Performance, recovery, and outlook has varied across different sectors of the real estate industry. No matter how you read it, it’s a persuasive market. There are reasons to take action and there are reasons to wait until we land on stable ground. Either way, it’s a valuable asset at a time like this to understand the forces at play and the nuances they contain. With that baseline understanding, the task of looking forward, casting your bet and taking your place in the market simplifies, wherever your place may be.
Multi Family Real Estate Investing: An Overview
If we zoom in on the multifamily real estate world, we can see the kinds of short term losses and fragilities that have been predicted and observed in nearly every industry. A September 9th report by UBS confirmed that the Real Estate Investment Trusts (REIT) have under-performed the S&P 500 year-to-date. If, however, you zoom in on the returns of REITs, you’ll see sectors meeting different fates as the COVID-19 chips continue falling as they may.
Studying rent trends in non-coastal and Sun Belt markets (DEN, PNX, ATL, HOU, ORL, etc), the same decline appears, but small climbs can be seen, and the lows are not as low.
Between The Lines: Forces At Play
The forces shaping the multifamily real estate market are easily understood through a human lens.
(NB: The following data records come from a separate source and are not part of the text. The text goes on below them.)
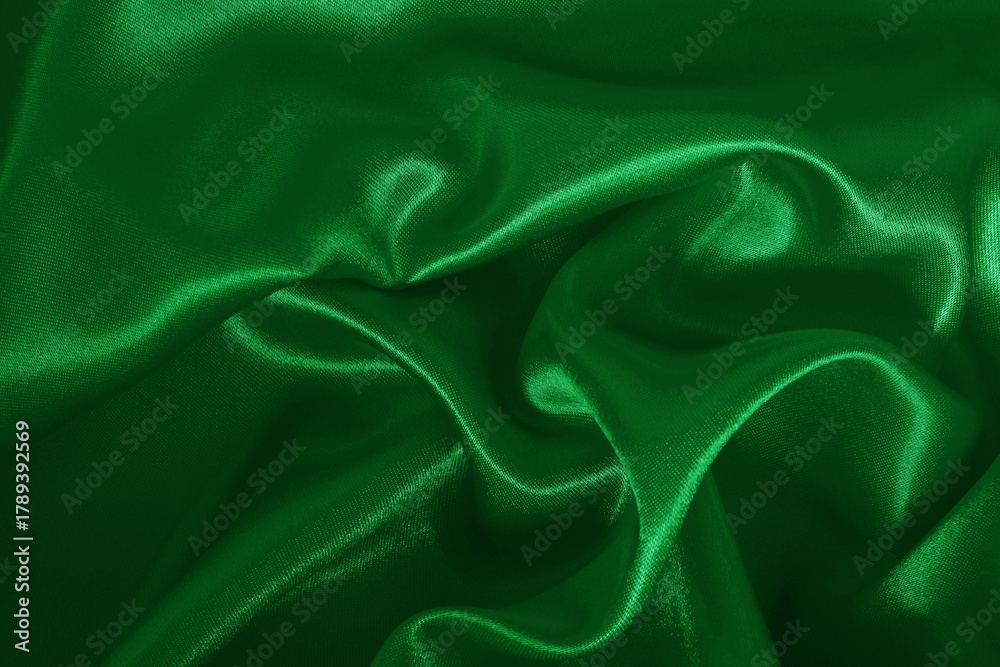 Green emerald fabric texture background, detail of silk or linen pattern.
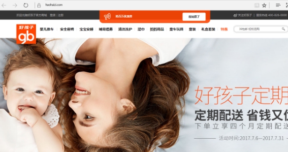 打开好孩子的官网是:haohaizi.com,好孩子的全拼,和品牌相应,通过域名:goodbaby.com,现直接跳转到了:haohaizi.com。好孩子选择的两个域名都是符合品牌形象的,在选域名上是下了功夫的,而且公司保护的域名也有很多,不管是英文域名还是中文域名,都有相关注册保护。
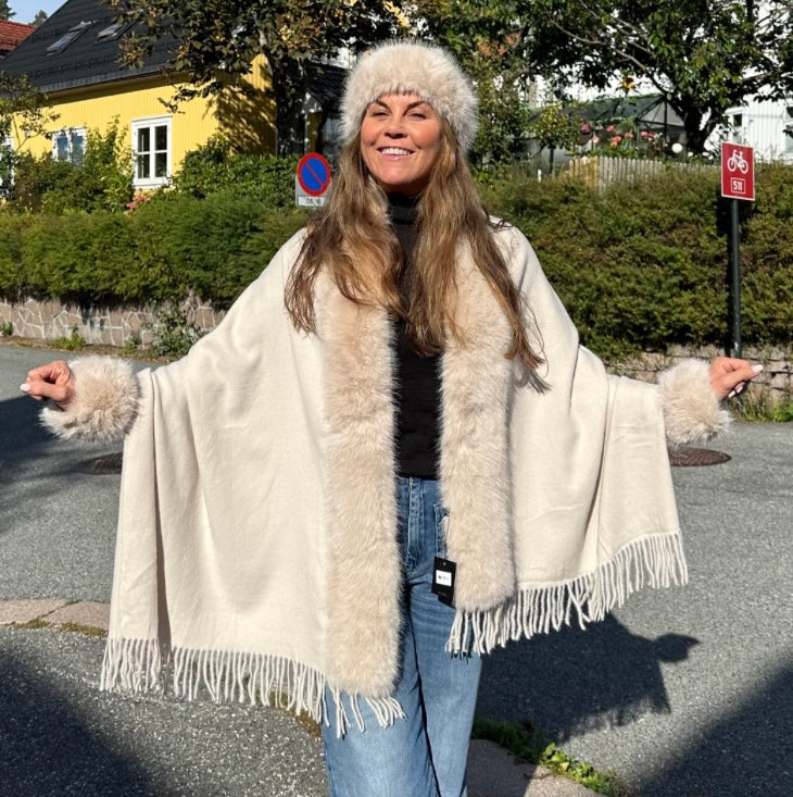 Nydelig ullskjerf med kant av fuskepels på den ene siden. Dette kan knyttes som skjerf i halsen, eller legges over skuldrene som et sjal. 85 x 200 cm.
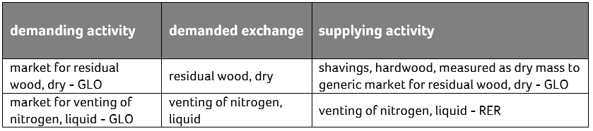 - The table below shows dataset making a demand of a product that is not supplied by the specified supplying activity. These two exchanges can be ignored.
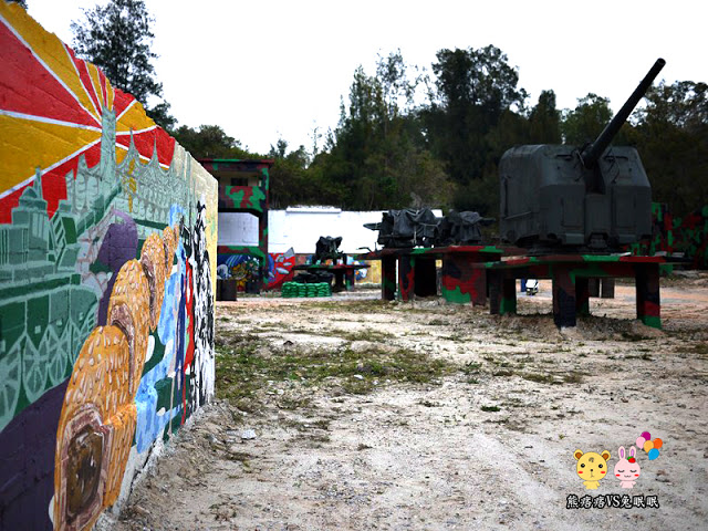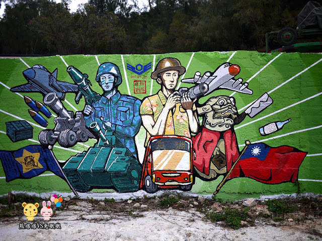 週遭的牆壁上,有許多軍事化的塗鴉,右邊風獅爺拿菜刀的模樣是哪招啊?
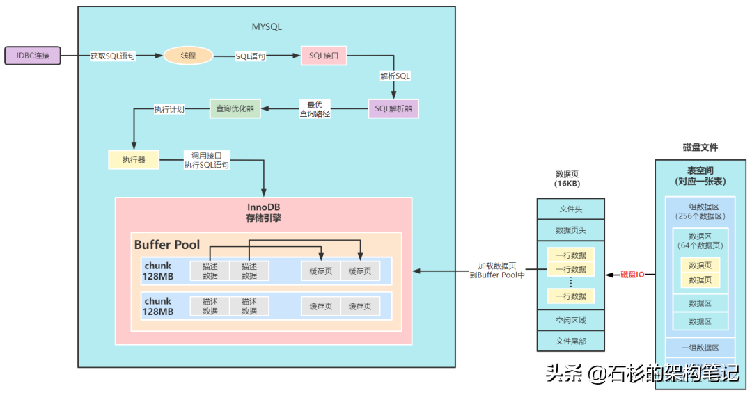从磁盘加载数据到MYSQL内存中,其实就是通过磁盘IO的方式,把数据页中的数据加载到缓冲池Buffer Pool中的缓存页中,然后通过InnoDB存储引擎和sql接口,一步步返回给用户。

COVID-related job losses, the desire to socially distance in cities with less density, the ability to work remotely and the draw of more cost-efficient living in less-expensive suburban markets—all of these factors are bringing more and more people away from dense, coastal cities and toward more suburban and Sun Belt markets. This supports the under-performance of the REITs with economic exposure to California, Seattle, Boston, and New York, where vacancy is higher and rental costs are decreasing at a faster pace.
Further, many of the job losses have occurred in service positions concentrated in vacation cities like those along the Sun Belt rather than office jobs in dense cities. Still, a rebound is one thing; remote work is another. The preference toward working from home in a more affordable, less dense suburban market is a trend many experts are expecting to continue.